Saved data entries

◇ ◇ ◇ ◇ ◇

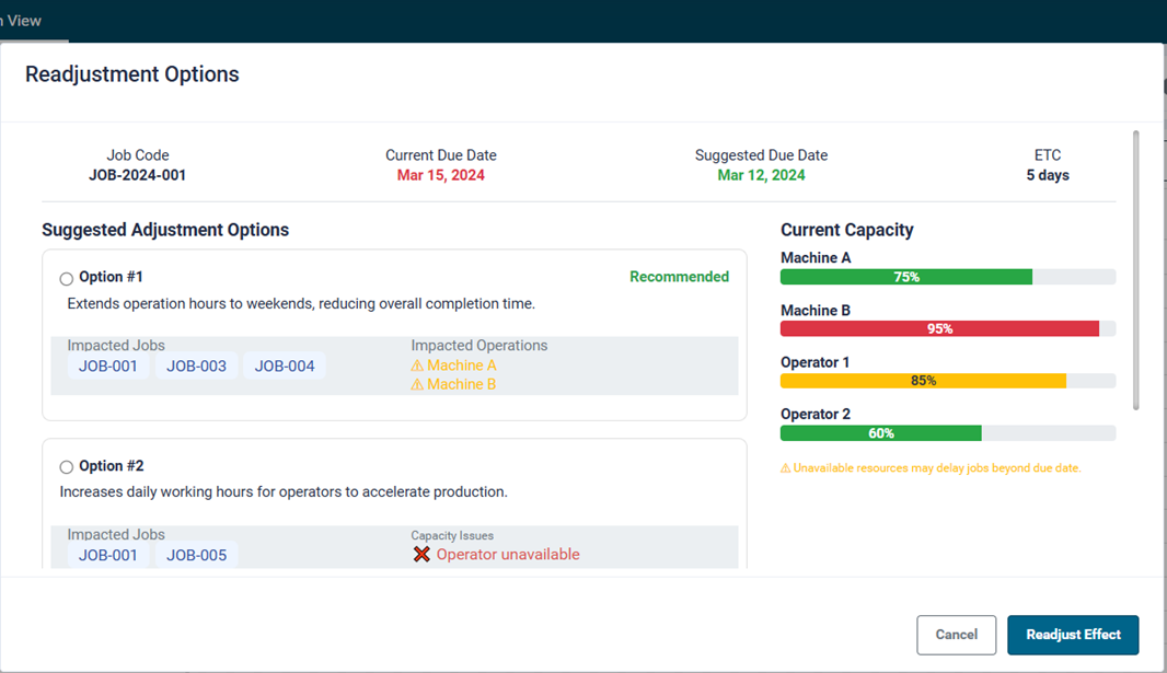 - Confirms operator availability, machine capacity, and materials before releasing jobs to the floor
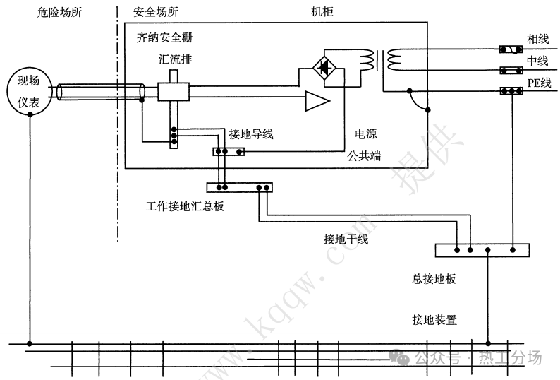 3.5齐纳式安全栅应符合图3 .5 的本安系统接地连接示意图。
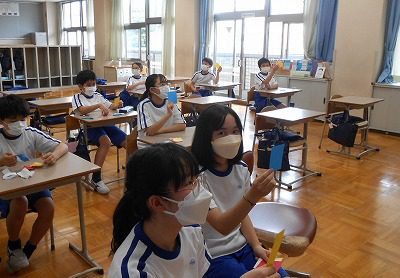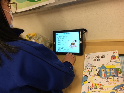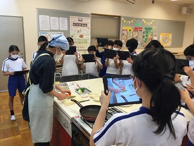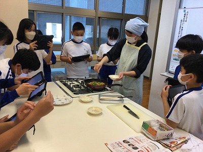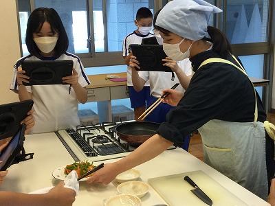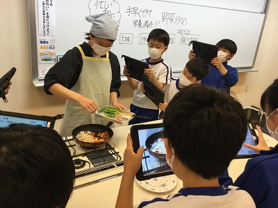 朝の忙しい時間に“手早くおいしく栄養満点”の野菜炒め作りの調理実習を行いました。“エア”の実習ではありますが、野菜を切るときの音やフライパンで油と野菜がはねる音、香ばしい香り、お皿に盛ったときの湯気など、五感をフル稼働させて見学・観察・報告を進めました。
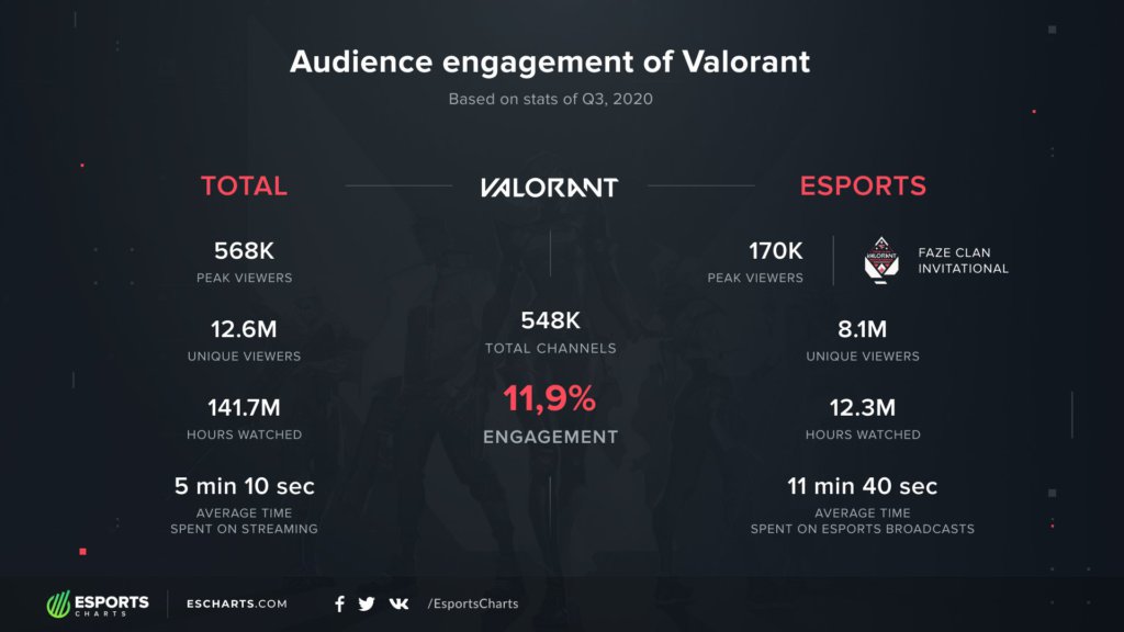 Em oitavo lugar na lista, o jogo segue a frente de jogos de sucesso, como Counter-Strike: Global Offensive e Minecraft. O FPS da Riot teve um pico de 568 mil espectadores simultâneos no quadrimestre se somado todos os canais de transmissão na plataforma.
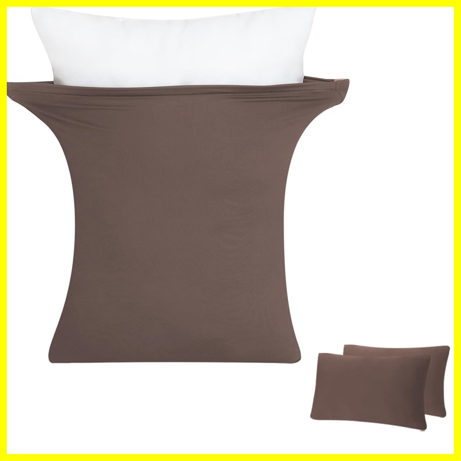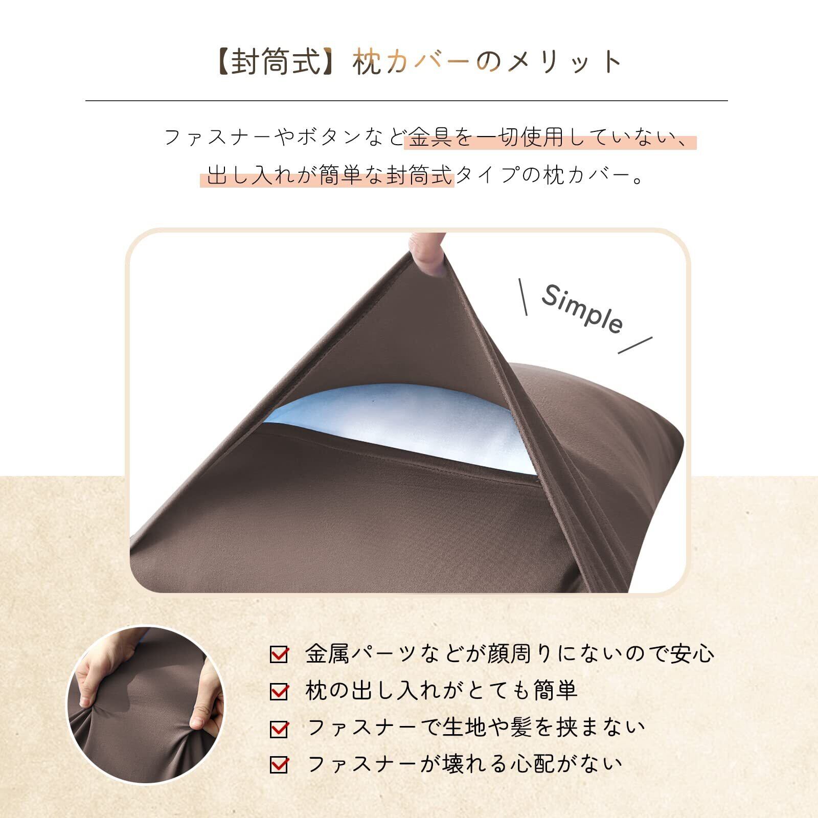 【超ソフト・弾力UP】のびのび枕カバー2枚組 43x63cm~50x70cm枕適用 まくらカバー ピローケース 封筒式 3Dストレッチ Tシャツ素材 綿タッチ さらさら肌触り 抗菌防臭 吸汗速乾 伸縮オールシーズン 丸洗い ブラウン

◇ ◇ ◇ ◇ ◇

» Task details
Begin at the first line of the entries and end at the line containing "Em oitavo lugar": write out each line exactly, skipping pictures.

» Result of the task
 - Confirms operator availability, machine capacity, and materials before releasing jobs to the floor
 3.5齐纳式安全栅应符合图3 .5 的本安系统接地连接示意图。
 朝の忙しい時間に“手早くおいしく栄養満点”の野菜炒め作りの調理実習を行いました。“エア”の実習ではありますが、野菜を切るときの音やフライパンで油と野菜がはねる音、香ばしい香り、お皿に盛ったときの湯気など、五感をフル稼働させて見学・観察・報告を進めました。
 Em oitavo lugar na lista, o jogo segue a frente de jogos de sucesso, como Counter-Strike: Global Offensive e Minecraft. O FPS da Riot teve um pico de 568 mil espectadores simultâneos no quadrimestre se somado todos os canais de transmissão na plataforma.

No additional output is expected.